Unspektakulärer Titel, spektakulärer Tag: Anfang des Monats hat das zwischenzeitig finanziell bedrohte Rheinkultur-Festival in Bonn zum 29. Mal stattfinden können. Dabei handelt es sich um Deutschlands größtes Gratisfestival mit einer Rekordbesucherzahl von 200.000 (dieses Jahr immerhin beeindruckende 170.000). Soweit zu den Zahlen.

Eigentlich hat der Samstag drei Events mit sich gebracht: Die Hinfahrt, das Da-sein und die Rückfahrt. Ich werd's mal in der Reihenfolge beschreiben und vorweg sagen: Obwohl Hin- und Rückfahrt einfach ätzend waren, hat es sich wegen des Da-seins gelohnt. Definitiv.

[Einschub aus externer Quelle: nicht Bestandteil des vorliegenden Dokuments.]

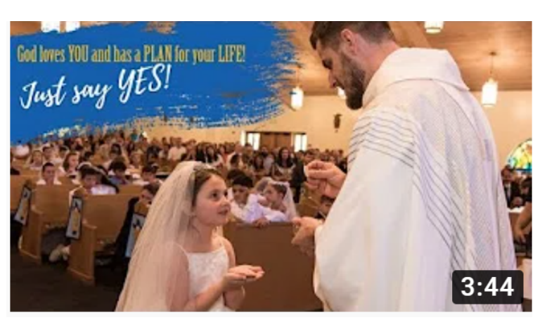
National Vocation Awareness Week
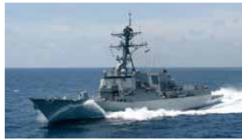
DDG 51 Surface Combatants
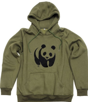
Forest Green Panda Hoodie

Enjoy weekend comfort every day in this 100% preshrunk cotton logo sweatshirt. The blue pullover features the panda logo on the front.
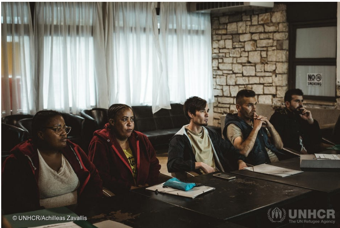
Refugees attending a vocational training programme to develop job skills.

In May, Greece established the profession of “cultural mediator” through the creation of an official profile by the National Organisation for the Validation of Professional Qualifications of the Ministry of Education. A cultural mediator serves as the bridge between refugees and the host country, its administration, public services and even local communities. This is a positive step for refugees’ employment and may help integration, particularly for the newly recognized refugees.
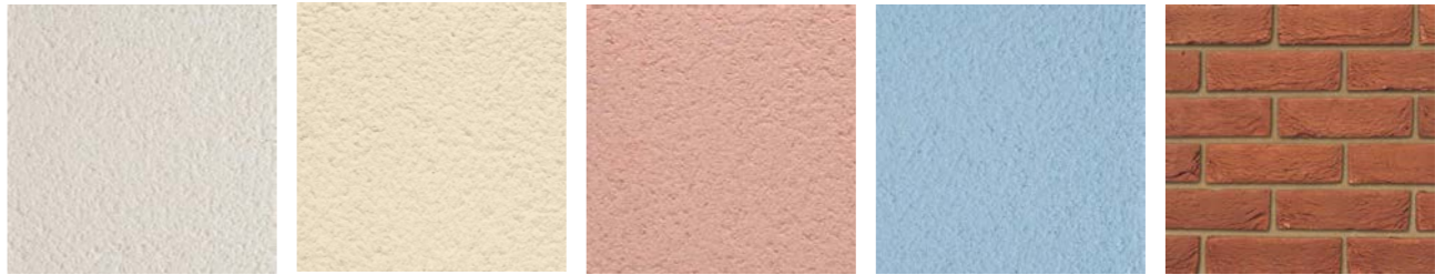
Natural White Render Pale Yellow Render Strong Pink Render Sky Blue Render Red Brick

The finish of each home at Chivenor Cross is carefully considered. We build using a variety of sympathetic finishes, either individually or in combination, which are paired with a pan or plain tiled roof and complemented white windows. Please consult with our Sales Advisor for specific plot finishes.

Die Hinfahrt begann in Bochum, wir waren leider nur zu zweit, aber nett war's trotzdem. Von H. lernte ich unter anderem, passend zum Festival, dass Europäer mehr Alkohol vertragen als Asiaten - weil sie früher (Mittelalter?), statt ihr von Müll und Fäkalien verseuchtes Wasser abzukochen, Alkohol reingekippt bzw. Bier und Wein daraus gemacht haben... :D

In Düsseldorf sind wir dann erstmal gestrandet. Eigentlich sollte es eine schöne Abkürzung werden, weil der Zug von Bochum nach Köln so lange braucht. Stattdessen war der Zug von Düsseldorf nach Köln so überfüllt, dass wir nicht mehr reinkamen. Das typische "Menschen sind zu dumm zum Durchgehen und Einsteigen" hat sogar dazu geführt, dass der Fahrer rauskam und sich aufgeregt hat. Wir haben uns dann irgendwann dafür entschieden einen Umweg über Neuss zu fahren - der Tipp war das einzig gute an dem Gespräch mit dem Bahnangestellten, der Rest vermittelte in etwa "Nein, ihr dürft den ICE nicht benutzen, obwohl im Regionalexpress alle zerquetscht werden, Festivalgäste wollen wir da nicht". In Köln wurde der Zug dann schon als stark ausgelastet angekündigt und nach einigen Überlegungen sind wir nach Bonn-Beuel gefahren statt zum Hauptbahnhof (mit einem Zug, der nicht zum Bonner Hbf fährt und daher nicht so voll war) und haben uns dann von dort aus mit anderen Besuchern durchgeschlagen ("Ihr habt Bier, habt ihr n Plan?" - "Ne, aber hier sind so viele. [...] Verdammt, wir fahren in die falsche Richtung! Nein, doch nicht! Wir müssen hier raus! Wir müssen hier raus!!! Hey, hier ist Kotze, hier ist richtig!"). :D

Am Einlass "durfte" ich dann ausgerechnet das mitgebrachte Tetrapak abgeben... nur Wasser erlaubt, das dafür aber auch in Flaschen. Naja. Durch das ganze Chaos waren wir ewig spät dran und haben von Itchy Poopzkid gar nichts mehr und von Max Prosa noch das Ende gesehen (und das Ende der Schlangen vor dem Dixi-Klo den Dixi-Klos).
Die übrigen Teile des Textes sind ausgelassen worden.